Politik/Ausland

Älteste Pariserin liest Kurier

Ilse Weiszfeld ist nicht nur die älteste Pariserin, sondern vermutlich auch die älteste KURIER-Leserin. Wie der KURIER berichtete, feierte Ilse, die in Wien aufwuchs, soeben ihren 112. Geburtstag in einem Pariser Seniorenheim. Ihre Tochter, Monique, auch schon 80, brachte ihr jetzt den KURIER.

"Meine Mutter schaute sich den Artikel stundenlang an", berichtet Monique, die sich mit ihrer Mutter immer noch auf Wienerisch unterhält: "Aber dass ihre Lebensgeschichte in der Zeitung stand, schien sie gar nicht so zu beeindrucken. Ihr Augenmerk galt den alten Familienfotos, die der KURIER veröffentlicht hatte."

So löste das Foto ihrer Hochzeit mit ihrem Mann, Fritz, im Wiener jüdischen Tempel 1928, uralte Erinnerungen aus: "Das war ein sehr schönes Blumen-Arrangement", sagte Ilse. Zu einem Foto mit ihrer Schwester meinte sie: "Wir haben uns ähnlich geschaut" und "Das ist ja das Kleid mit den Fransen". Das KURIER-Titelblatt mit einem Foto von ihr und einem vom Eiffelturm entlockte ihr die Frage: "Wieso haben die den Eiffelturm neben mich gestellt?"

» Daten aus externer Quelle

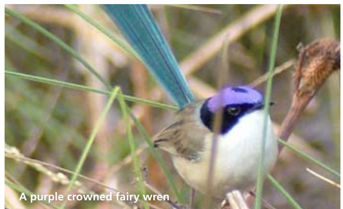
A purple crowned fairy wren
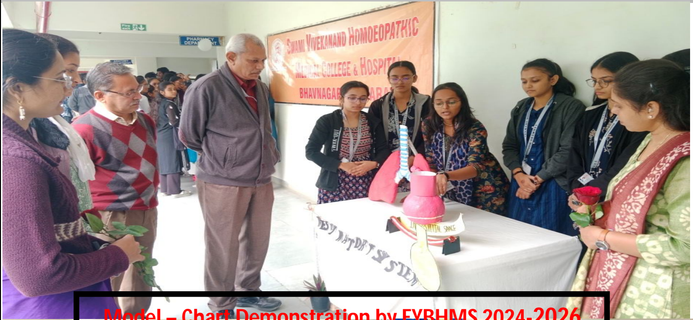
Model – Chart Demonstration by FYBHMS 2024-2026
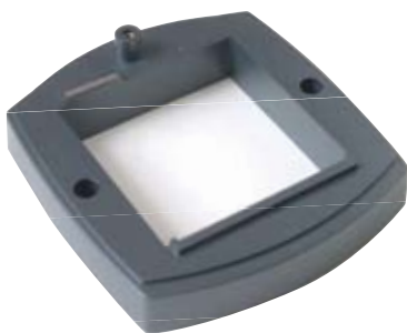
Surface Mount Collar
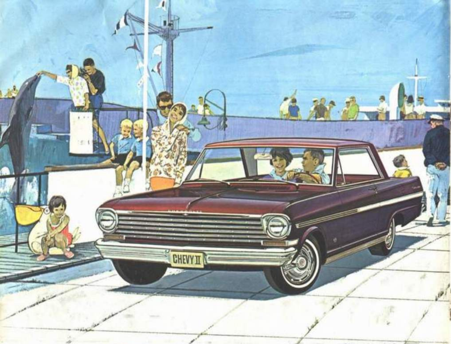
Chevy II Nova 400 Super Sport Coupe in Palomar Red.
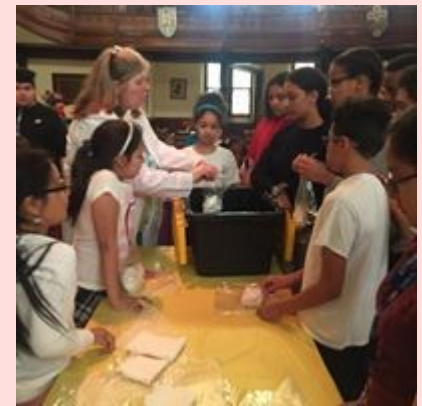
2017 Egg Drop
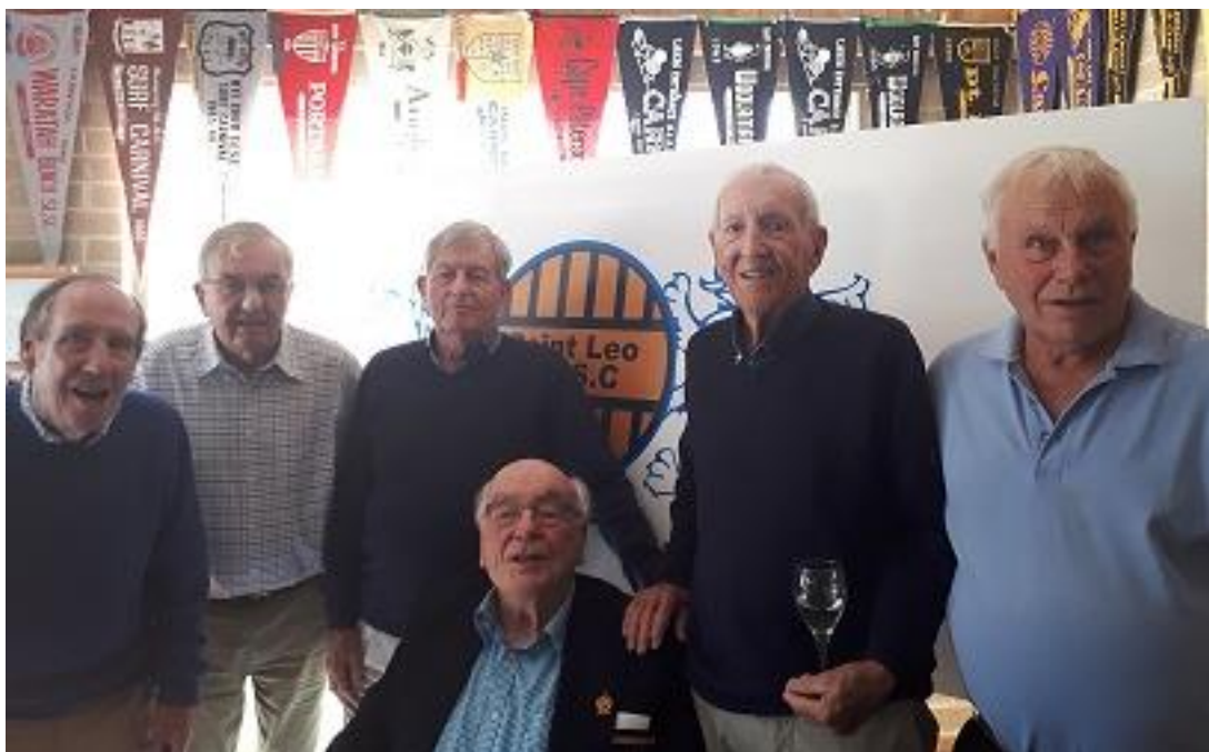
Point Leo SLSC First Bronze Squad Members – May 2019
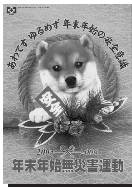
2005 Year-End and New Year Zero-Accident Slogan poster

The Year-End and New Year Zero-Accident Campaign is held in workplaces nationwide by JISHA with the support of the Ministry of Health, Labour and Welfare (MHLW) for the purpose of preventing the occupational accidents that tend to
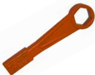
PETOL™ Striking Wrench
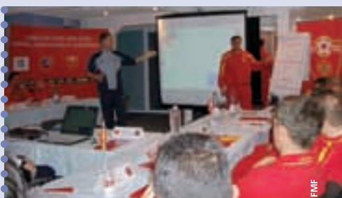
Coaching course in Tivat.

Ilse und Fritz Weiszfeld waren 1932 nach Paris ausgewandert. Das jüdische Paar konnte engste Verwandte, noch rechtzeitig vor dem "Anschluss", nach Paris nachholen. Auch die Besetzung Frankreichs konnte die Familie versteckt bei Lyon und in den Alpen überleben.

Schon vor dem Krieg hatten Ilse und Fritz in Paris eine Textil-Werkstatt gegründet, die mit einer Wiener Stickerei-Technik, die in Frankreich noch nicht geläufig war, Erfolg hatte. Nach dem Krieg machte ihr Pariser Betrieb Furore dank der Geschicklichkeit von Fritz Weiszfeld, der die Maschinen auf neue Produktionsmethoden einzustellen verstand.

Bei den Eltern von Ilse – ihre Mutter hatte in Wien einen Stand am Naschmarkt betrieben, der Vater einen Spirituosenverkauf für Kutscher in Schönbrunn – gab es noch nach dem Krieg in Paris Abende mit Wiener Liedern. Von ihren Kindern, Enkeln, Urenkeln und Pflegerinnen im Seniorenheim wird Ilse "Mutti" genannt. Als Folge des Berichts im KURIER trat die österreichische Botschaft in Paris mit der Familie in Kontakt.